**PROBLEM TO WORK ON:**
Apart from the images, the entire listing below must be restated word for word.

**SUPPLIED INFORMATION:**
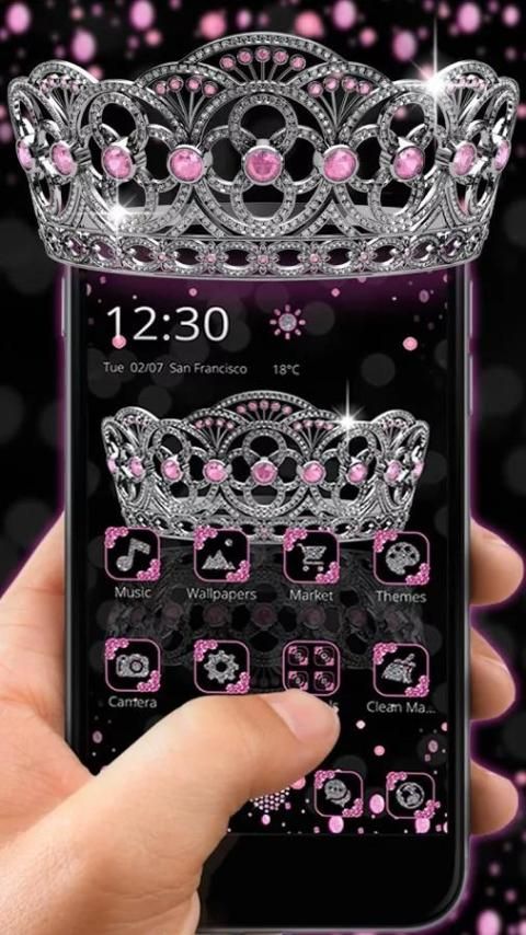 Customized Theme- مضيء الوردي تاج الموضوع مع استحى ثيمات الجلالة هو موضوع تخصيص ويمكنك تطبيق وإزالة موضوع عصري وجميل وتألق كلما أردت.
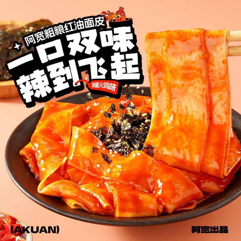 阿宽全麦红油面皮酸辣粉桶装方便面麻酱火鸡泡面速食即食零食小吃
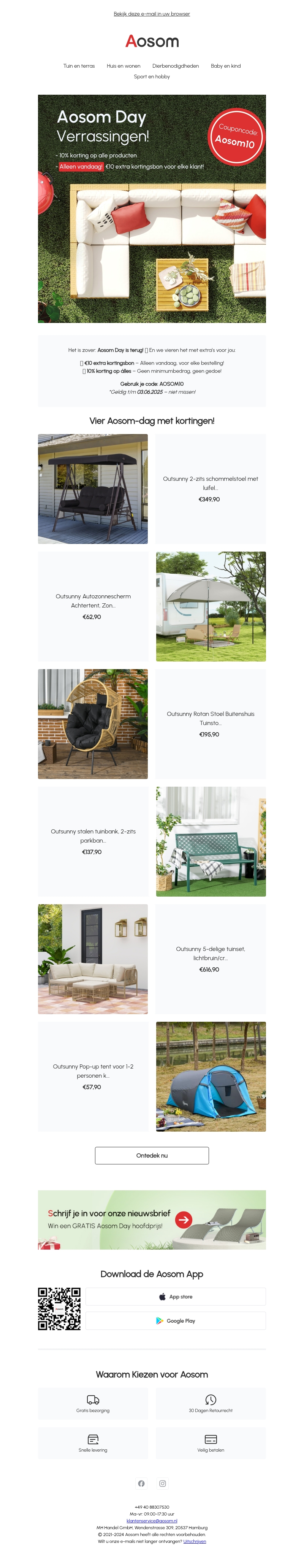 π Aosom Day Verrassingen β β¬10 Cadeau + 10% Korting voor Iedereen!

**RESPONSE TO THE TASK:**
 Customized Theme- مضيء الوردي تاج الموضوع مع استحى ثيمات الجلالة هو موضوع تخصيص ويمكنك تطبيق وإزالة موضوع عصري وجميل وتألق كلما أردت.
 阿宽全麦红油面皮酸辣粉桶装方便面麻酱火鸡泡面速食即食零食小吃
 π Aosom Day Verrassingen β β¬10 Cadeau + 10% Korting voor Iedereen!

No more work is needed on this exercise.